Abstract:Contagions (e.g. virus, gossip) spread over the nodes in propagation graphs. We can use the temporal and textual data of the nodes to compute the edge weights and then generate subgraphs with highly relevant nodes. This is beneficial to many applications. Yet, challenges abound. First, the propagation pattern between each pair of nodes may change by time. Second, not always the same contagion propagates.
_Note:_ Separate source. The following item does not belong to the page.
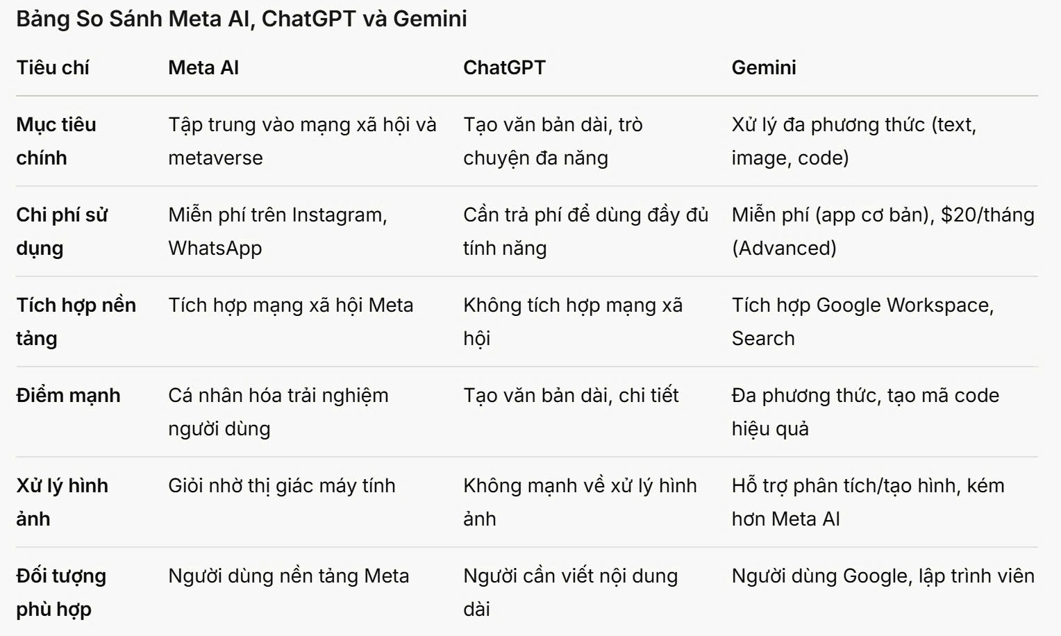 Dưới đây là bảng so sánh giữa Meta AI với ChatGPT và Gemini để bạn dễ hình dung sự khác biệt. Điều này giúp bạn chọn công cụ phù hợp với nhu cầu của mình.

Hence, the state-of-the-art text mining approaches including topic-modeling cannot effectively compute the edge weights. Third, since the propagation is affected by time, the word-word co-occurrence patterns may differ in various temporal dimensions, that can decrease the effectiveness of word embedding approaches. We argue that multi-aspect temporal dimensions (hour, day, etc) should be considered to better calculate the correlation weights between the nodes. In this work, we devise a novel framework that on the one hand, integrates a neural network based time-aware word embedding component to construct the word vectors through multiple temporal facets, and on the other hand, uses a temporal generative model to compute the weights. Subsequently, we propose a Max-Heap Graph cutting algorithm to generate subgraphs. We validate our model through comprehensive experiments on real-world datasets. The results show that our model can retrieve the subgraphs more effective than other rivals and the temporal dynamics should be noticed both in word embedding and propagation processes.